Exhibit 10.13
MAZE THERAPEUTICS, INC.
January 7, 2025
Harold Bernstein
Sent via email
RE: Continued Employment with Maze Therapeutics Inc.
Dear Harold:
This letter agreement sets forth the terms confirms your continued employment as President, Research and Development and Chief Medical Officer of Maze Therapeutics, Inc., a Delaware Corporation (the “Company”). You will continue to report to the Company’s Chief Executive Officer. This letter agreement amends and restates the employment offer letter entered into between you and the Company, dated August 23, 2022 (the “Prior Agreement”). This letter is effective as of the closing of the sale of shares of the Company’s common stock to the public pursuant to a registration statement declared effective by the U.S. Securities and Exchange Commission (the “IPO Effective Date”).
1. Compensation.
(a) Salary. In this position and effective as of the IPO Effective Date, the Company will pay you an annual base salary of $550,000 per year, payable in accordance with the Company’s standard payroll schedule. Your pay will be periodically reviewed as a part of the Company’s regular reviews of compensation.
(b) Bonus. For fiscal 2025, you will be eligible to receive a cash incentive annual bonus of up to 45% of your base salary, based upon the achievement of both Company and individual goals. To receive payment of any annual bonus earned, you must remain employed with the Company on the date the annual bonus is paid (which is typically no later than March 15th of the calendar year immediately following the calendar year to which the bonus pertains). Please note that bonus programs, payouts and criterion are subject to change or adjustment as the business needs at the Company may require.
(c) Equity Awards. You currently hold Company equity grants. You will be eligible for future discretionary equity grants at the sole discretion of the Company.

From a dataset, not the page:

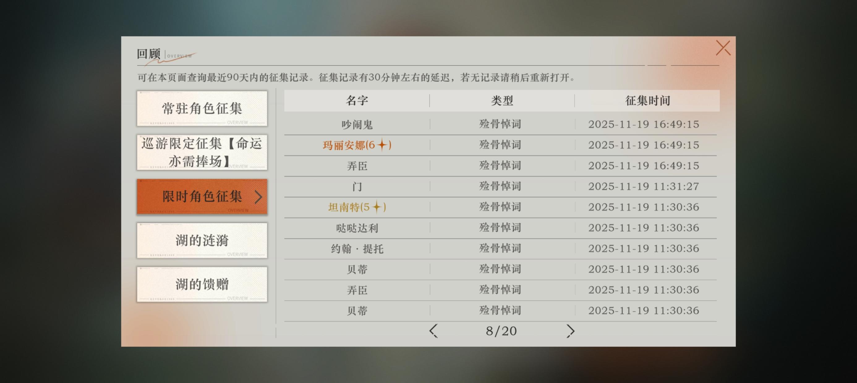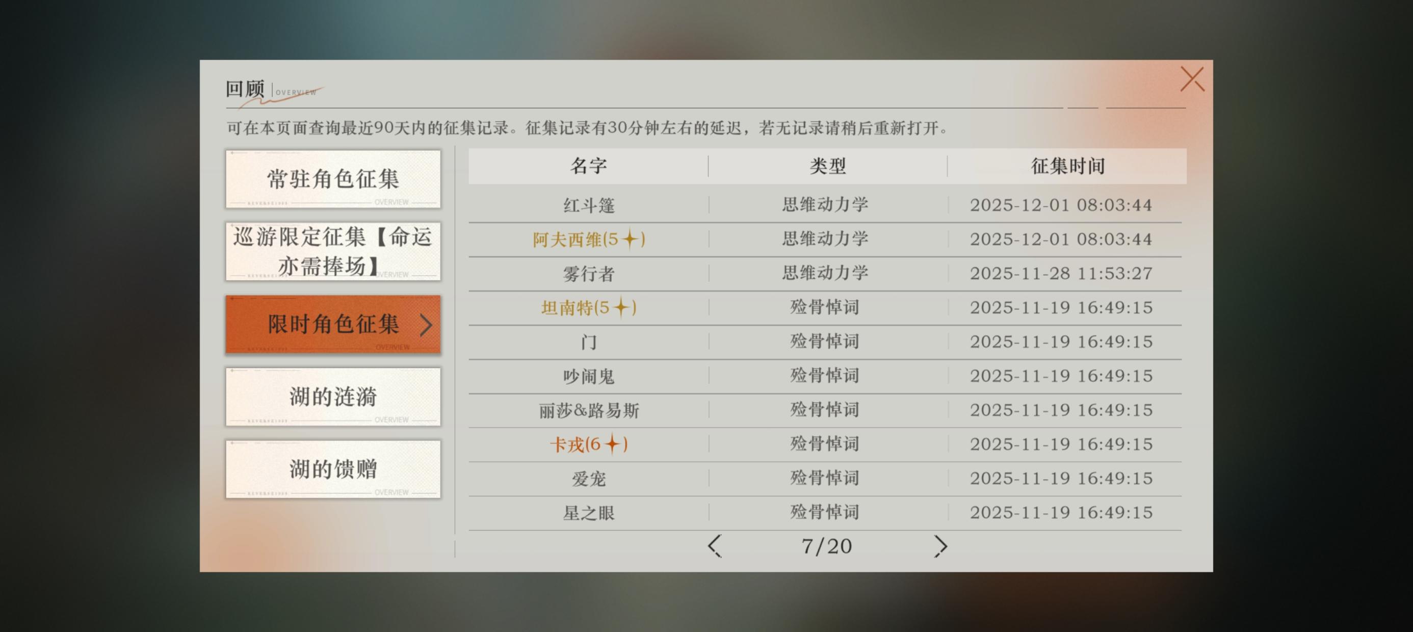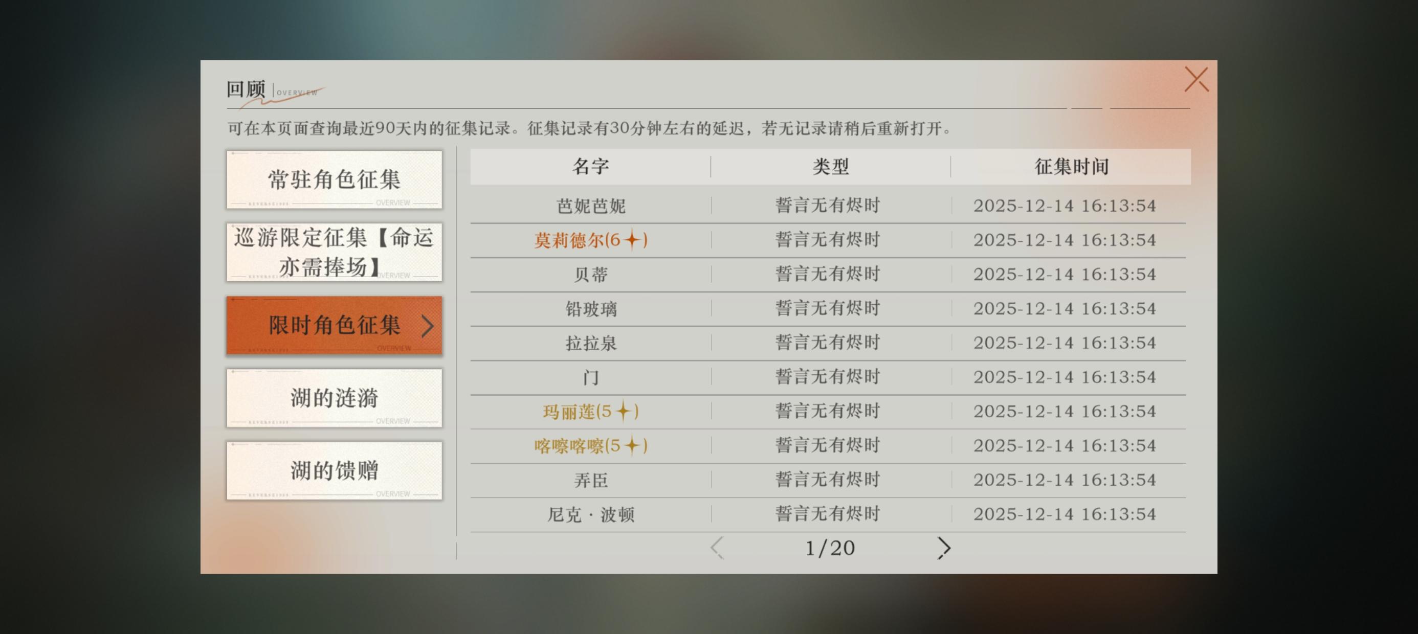 下午在哪一点点看剧情,肝了一发十连,抽玛尔纱又歪了,感觉自己这个号很非,就想着看看有多非,这一统计,好嘛,开服到现在(中间退过一段时间),歪了22次,剩余五星加塑造24个,扣除大保底22次,也就是说我只有2次小保底不歪,我真服了,前不久第一次看见双黄,也是个大保底的,这50%概率歪全给我了是吧#重返未来:1999 #游戏日常 #游戏讨论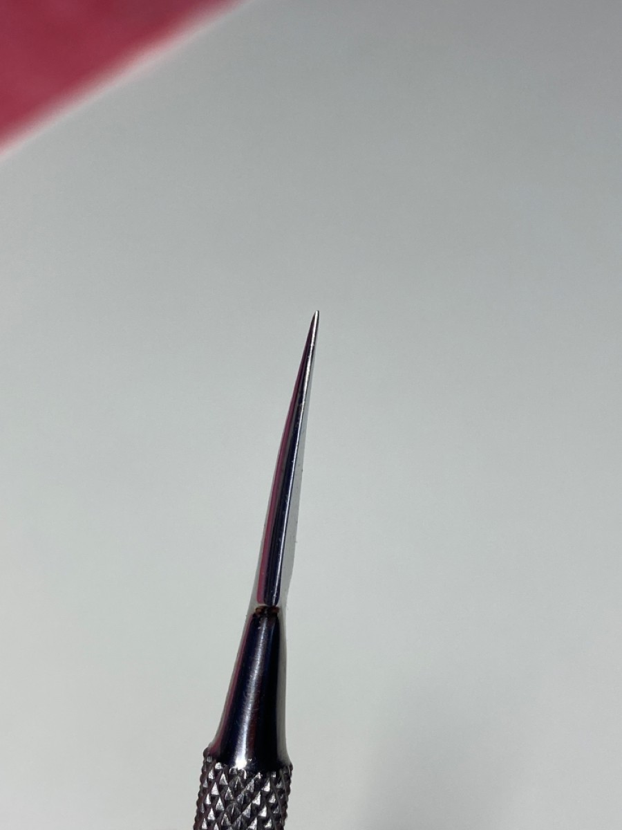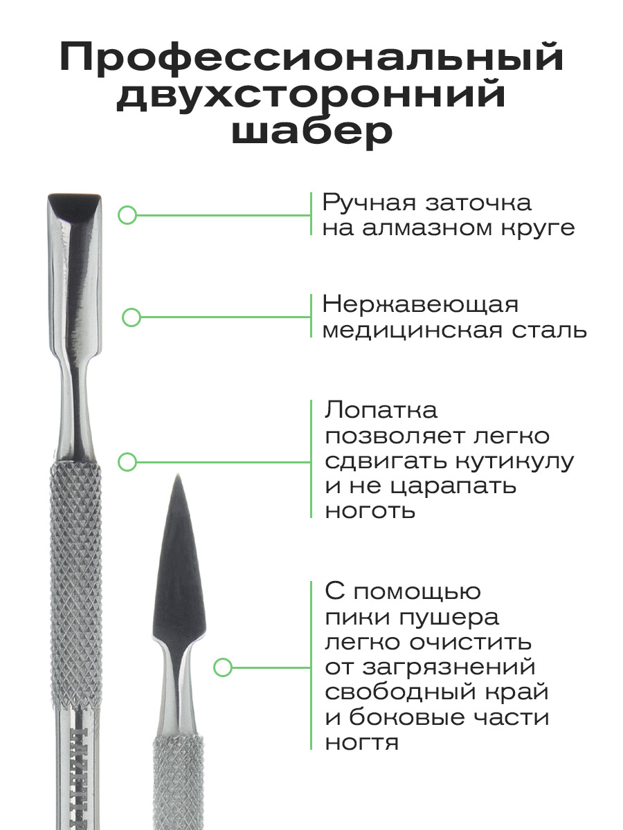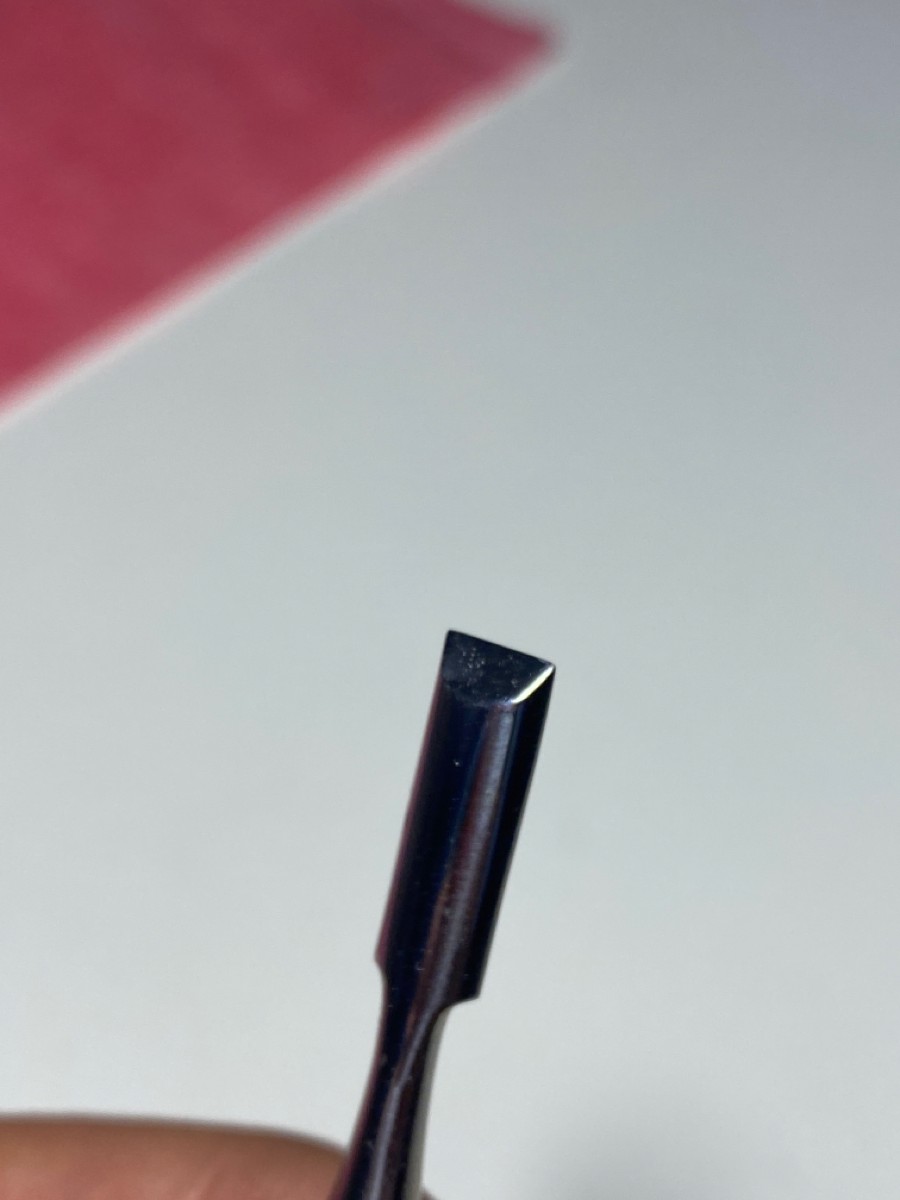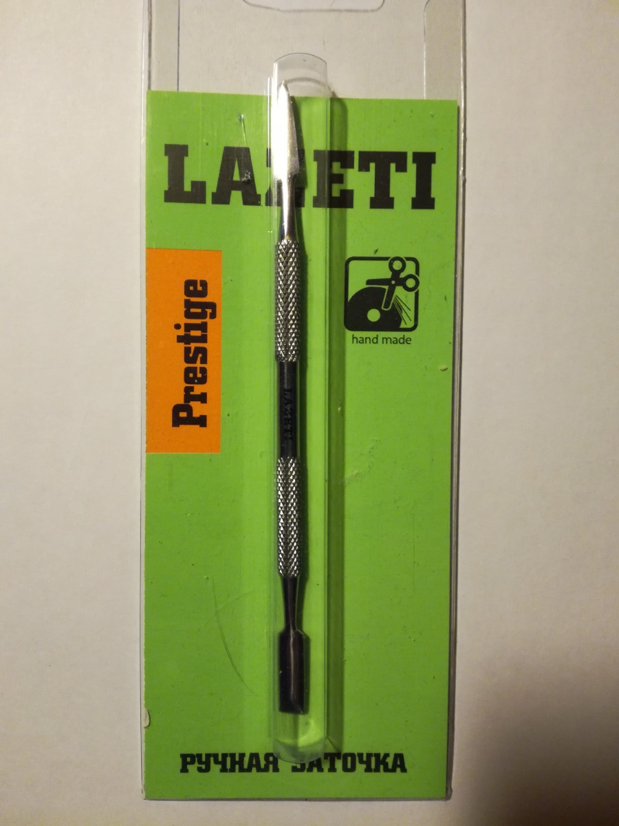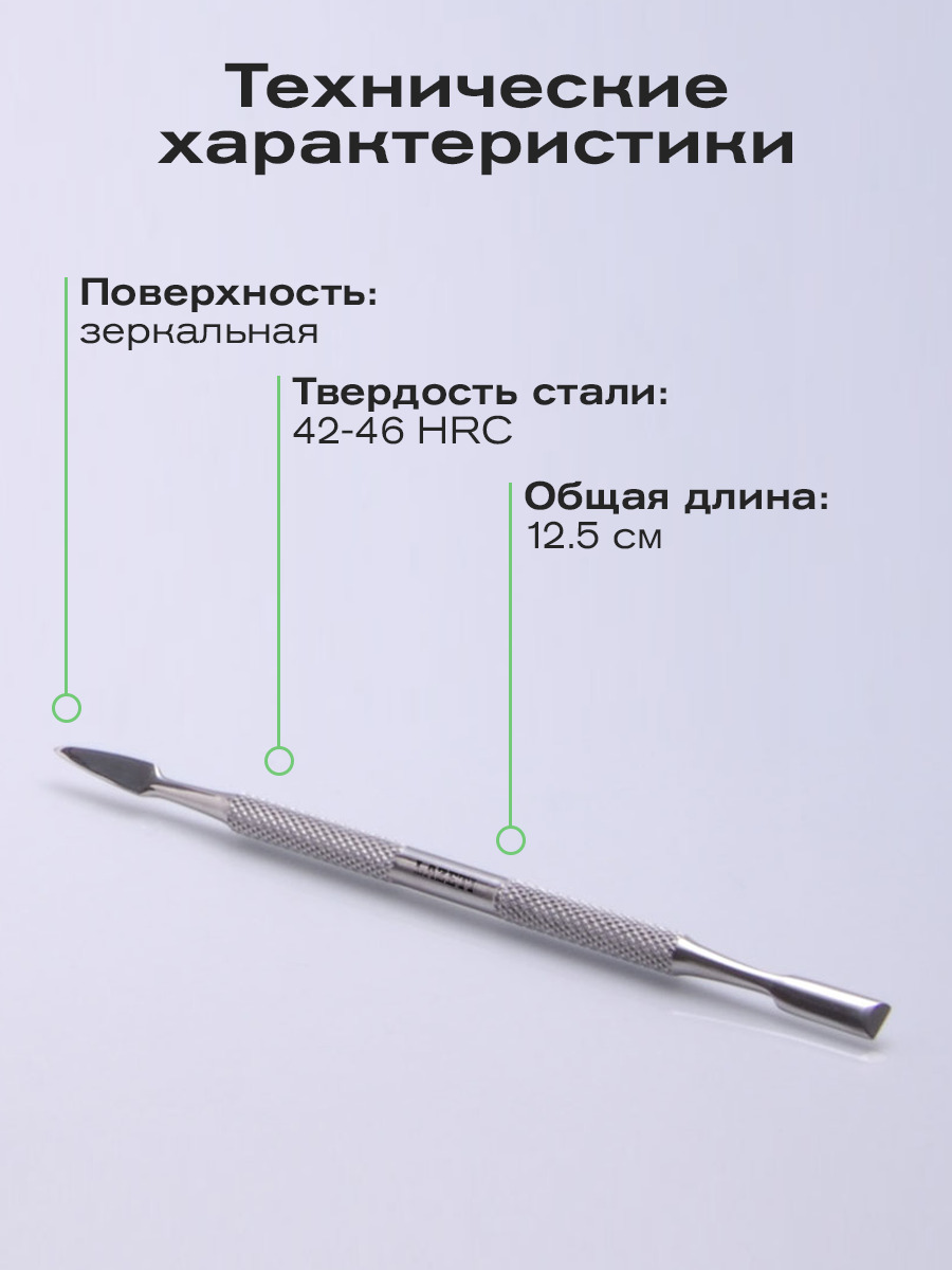 Двухсторонний пушер общей длиной 125 мм с плоской прямой лопаткой и пикой. Все рабочие части обработаны вручную. Лопатка имеет аккуратную симметричную форму, идеально отшлифована с внутренней стороны и истончена сверху, что позволяет легко сдвигать кутику

2. Employee Benefits. You will be entitled to participate in employee benefit plans currently and hereafter maintained by the Company of general applicability to other employees of the Company subject to the eligibility requirements of each such benefit plan. The Company, in its sole discretion, may amend, suspend or terminate its employee benefits at any time, with or without notice. In addition, you will be entitled to vacation in accordance with the Company’s vacation policy, as in effect from time to time.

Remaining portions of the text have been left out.